OMG!!! They are all so cute!!! But I really like the 4th one. Good luck making your decision.


----------



## rubia (Jul 3, 2008)

I like the title of the post too !! ha ! The pictures are great, this breeder takes nice photos. I would have a difficult time choosing. Can you meet them ??


----------



## nic2576 (Nov 21, 2008)

I love the second one. I have a weakness for the chocolate ones.


----------



## cherper (May 8, 2009)

yes i can meet them. They are less than an hours drive.
Oh and Oh my gosh i just realized what you guys are talking about with my title. HAhahahahha :laughing8: Yeah hubby wouldn't be diggin' that too much. :coolwink:


----------



## kimr (Nov 14, 2010)

I thought you were starting your own personal ad, too! My laugh for the night...

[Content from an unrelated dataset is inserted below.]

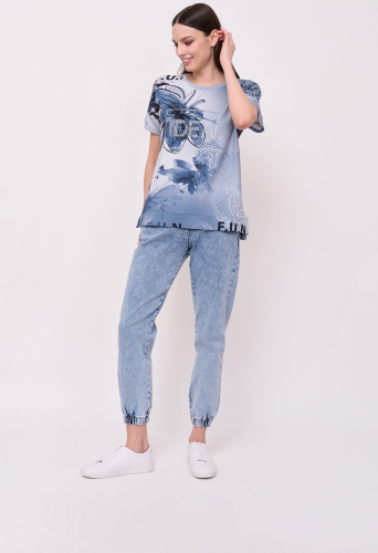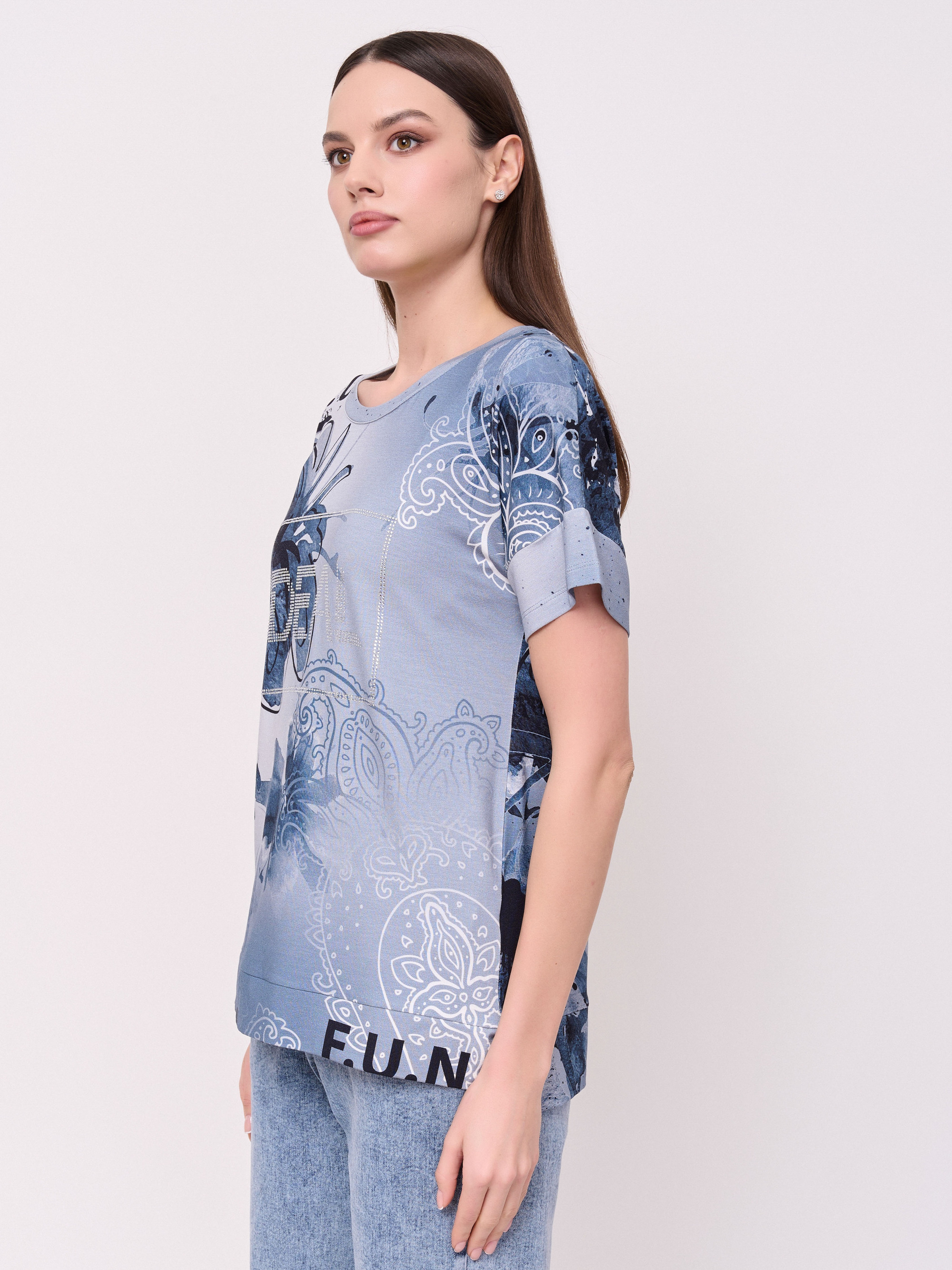 Детали: вырез горловины округлый, рукава короткие, покрой прямой, рисунок цветы и растения, стразы, боковые разрезы. Длина по спинке: 60 см.

I love both the last two...I'd have a hard time choosing between them. Any chance of getting both???


----------



## guccigrande (Apr 17, 2011)

They are all adorable! My favorite is the chocolate/white chi in the 2nd photo


----------



## cherper (May 8, 2009)

apparently the two i like are the ones they are watching for show. lol So they are going to be watching them. I sure hope it works out for me to get one of those.
The younger ones *white w/silver, choc w/white* are both going to be LC as well, he told me.


----------



## foggy (Oct 12, 2009)

The title made me laugh too, lol. I hope it works out for you, Cheryl.


----------



## chideb (Jan 29, 2008)

Oh Cheryl, what lovely babies..such beautiful little heads on these guys! Will be saying a prayer that you get the little boy of your choice.. Leila will just love having a tiny brother around the house.. Deb


----------



## LostLakeLua (Sep 6, 2009)

OOH.... I was all about to vouch for the last puppy; til you mentioned the others would be LC too.... then it's only fair I vote for the Chocolate one hehe!


----------



## svdreamer (Feb 20, 2010)

I love the third one down. I know he looks a little bigger than the others, but his markings are just stunning. Such a little fluffy butt.


----------



## Amanda Kennedy (Nov 5, 2008)

i like the 3rd one even tho they are all lovely


----------



## amyalina25 (Jan 10, 2011)

aww lucky Leila getting a brother!! i love all of them! it`ll be a hard choice!!


----------



## bronxny (Apr 24, 2011)

tehy are all very cute


----------



## Jessica (Jul 11, 2004)

They are gorgeous!


----------



## KayC (May 3, 2005)

They are all so cute, what a hard decision


----------



## Debi Hall (Apr 21, 2011)

I'm also in the process of getting a new little boy.... Long sad story with hopefully a happy ending tomorrow!


----------



## Ivy's mom (Feb 15, 2008)

I like the second one The last 3 have a strange shaped head, but maybe it's just the fur.


----------



## SharaAngel<3 (Nov 14, 2010)

my votes for the chocolate, you can never go wrong with chocolate!! ;-D


----------